- _What you need to do_: Within the entries below, please return exactly the lines from the one with "Light Rail – Metro Gold Line" through the one with "Учителя-апробаторы, г. Челябинск.", leaving out any pictures.

- _Data extracts_:

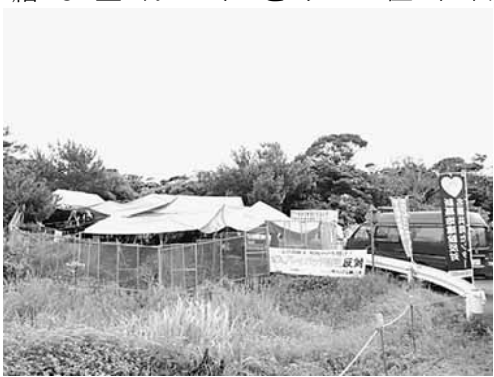
危険なヘリパッド建設に反対する市民と、全国から連日4000回以上も、離発着を繰り返している。

4日から6日の日程で現地には2台のレンタカーを放置して、反対派住民の妨害をしています。7月22日のメインゲートでの強制撤去と同様に、5から6日にかけて、機動隊を使って、強制撤去が行われるのではないかと、全国から5日には1000人を超える住民が結集しました。その日のN1裏テントは日々大きくなっている
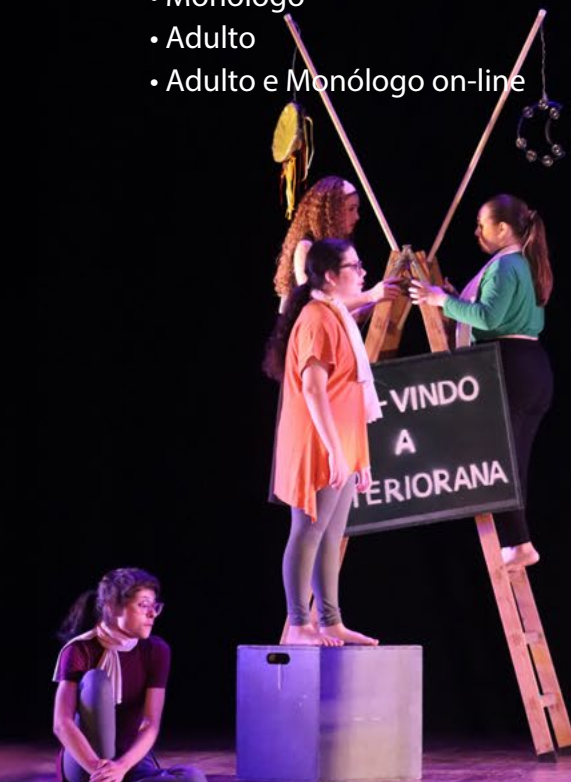
"A Máquina", do Núcleo de Pesquisa em Teatro Musical (Santos/SP) - Categoria Adulto
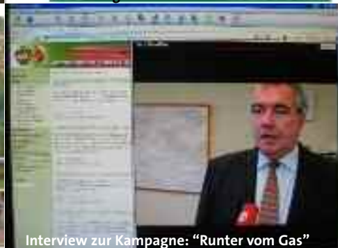
Interview zur Kampagne: "Runter vom Gas"
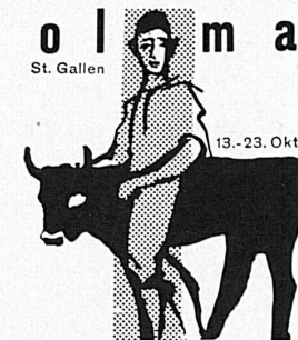
Bahnbillette einfach für retour

Die OLMA in St. Gallen wird wiederum ihre ganze traditionelle Pracht entfalten. Besonders die landwirtschaftlichen Besucherkreise werden es begrüßen, daß St. Gallen dieses Jahr eine Großviehschau mit Tieren der Braunviehrasse zeigt. Den ansehnlichen Bestand stellen Züchter aus den Kantonen Uri, Schwyz, Ob- und Nidwalden. Neben den üblichen großen Abteilungen bringt die OLMA auch wieder eine Schau prächtiger Früchte und goldenen Ackersegens. Die Billette einfach für retour müssen in der Ausstellung abgestempelt werden.
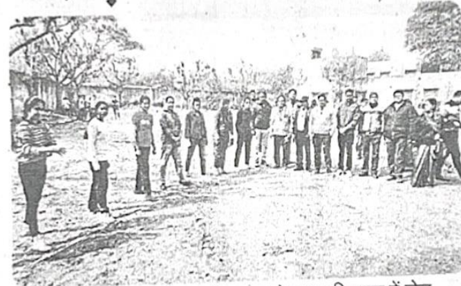
किशनगढ़. आर.के. पाटनी राजकीय स्नातकोत्तर महाविद्यालय में खेल सप्ताह के तहत दौड़ने के लिए तैयार छात्राएं एवं मौजूद प्रबंधन के सदस्य।
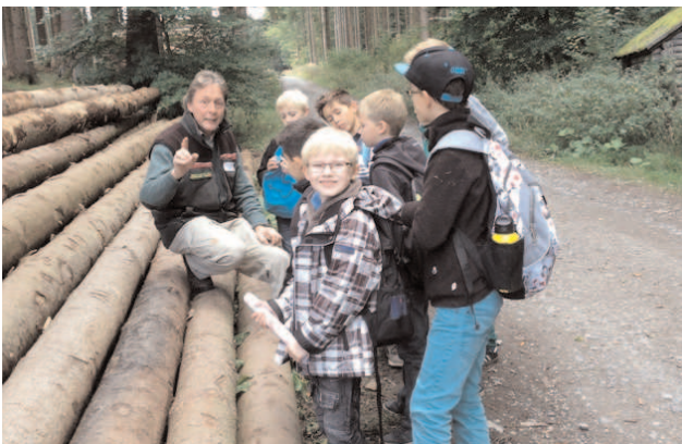
Erläuterungen auf dem Waldjugendspielparcours.

Wir freuen uns schon jetzt auf die Waldjugendspiele 2014 auf einem spannenden und abwechslungsreichen Parcours und hoffentlich wieder mit zahlreichen teilnehmenden Schulen.
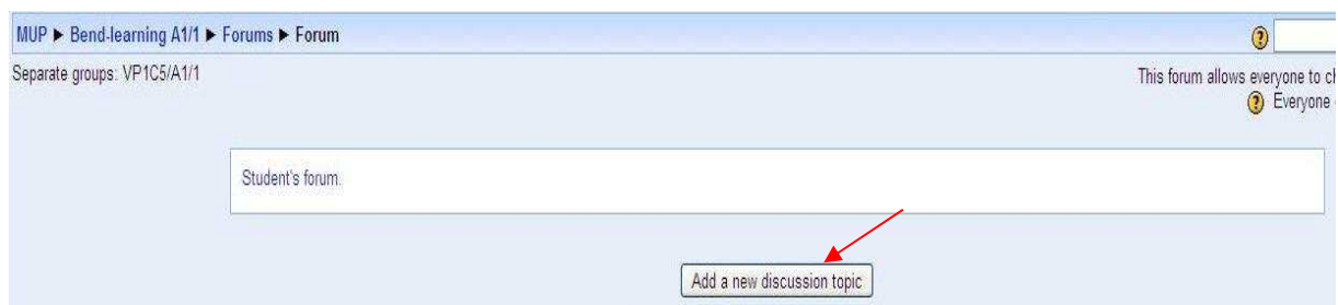
Obrázek 10: Možnost přidání nového diskusního tématu

Když se potřebujete vyjádřit nebo chcete informovat ostatní o svých pocitech a názorech nebo vyjádřit svou zpětnou vazbu, klikněte si na „ Přidat nové téma diskuse (Add a new discussion topic) “ (obrázek 10) a potom už jen vpisujete svůj text, případně můžete přidat i přílohu a taky se můžete rozhodnout, zda máte zájem všechny příspěvky daného fóra odebírat na Vaši e-mailovou adresu.
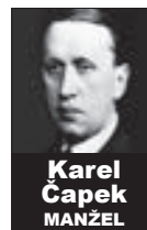
Karel Čapek MANŽEL
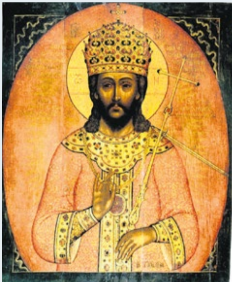
Aleksandr Kazantsev, icoon van Christus Koning.

Christus, koning van het heelal Eerste lezing: 2 Sam. 5,1 - 3 Tweede lezing: Kol. 1,12 - 20 Evangelie: Lc. 23,35 - 43 (Wit)
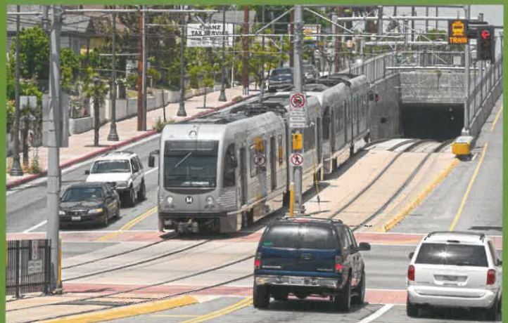
Light Rail – Metro Gold Line

LRT のサービスはMetrolink や Amtrak を含む “commuter rail” と異なります。この両方の交通機関は標準のゲージの線路のレールを使いますが、commuter rail は一般的により大きな電車を含み数マイルごとの間がおかれた複数の地方の駅がかかっています。Commuter rail trainsはカウンティ間をより速いスピードでより長い距離を走る通勤通学のサービスのためにデザインされています。その他の操業上の違いはサービスの頻度を含みます。LRTとcommuter rail の両方が朝と夕方のピーク時には高頻度のサービスを提供しますが LRTだけは全日、15分から 20分間隔を維持しています。
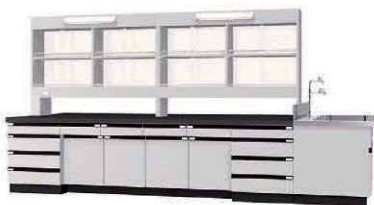
WAM P. 57
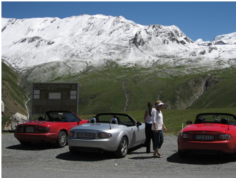
Alperne er bare imponerende

Tidligt op og afgang mod Danmark ved 9 tiden.
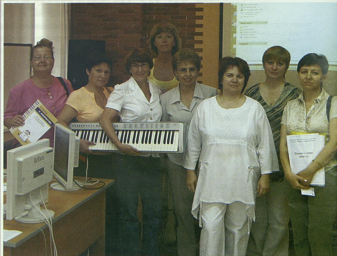
Учителя-апробаторы, г. Челябинск.

Новая программа была поддержана НФПК и стала победителем на конкурсе грантов в номинации «Разработка инновационных учебно-методических комплексов для системы общего образования». Данная программа прошла успешную апробацию в пилотных регионах России и внедряется в образовательный процесс Санкт-Петербурга и Ленинградской области, Карелии, Урала и Западной Сибири.
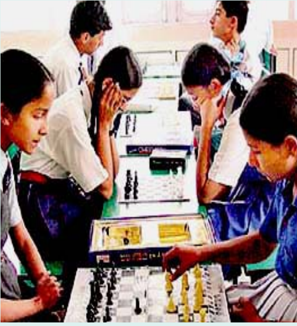
சென்னையிலுள்ள டி.ஏ.வி. பள்ளியில் மாணவர்களுக்கு நடத்தப்படும் சதுரங்கப் பயிற்சி: மாணவர்களின் பல்திறனை வளர்ப்பது என்ற பெயரில் நடந்துவரும் கொள்ளை. (கோப்பு படம்)

அரசுப் பள்ளிகள் தரத்தில் மின்னுகின்றன என்பதல்ல நமது வாதம். ஆனால், அரசுப் பள்ளிகளுக்கு மாற்றாகக் கல்வியில் தனியார்மயம் புகுத்தப்படுவதும், அதை ஆராதிப்பதும் அபாயகரமானது என்பதைத் தான் நாம் குறிப்பிட விரும்புகிறோம்.

- _Written answer_:
Light Rail – Metro Gold Line

LRT のサービスはMetrolink や Amtrak を含む “commuter rail” と異なります。この両方の交通機関は標準のゲージの線路のレールを使いますが、commuter rail は一般的により大きな電車を含み数マイルごとの間がおかれた複数の地方の駅がかかっています。Commuter rail trainsはカウンティ間をより速いスピードでより長い距離を走る通勤通学のサービスのためにデザインされています。その他の操業上の違いはサービスの頻度を含みます。LRTとcommuter rail の両方が朝と夕方のピーク時には高頻度のサービスを提供しますが LRTだけは全日、15分から 20分間隔を維持しています。
WAM P. 57
Alperne er bare imponerende

Tidligt op og afgang mod Danmark ved 9 tiden.
Учителя-апробаторы, г. Челябинск.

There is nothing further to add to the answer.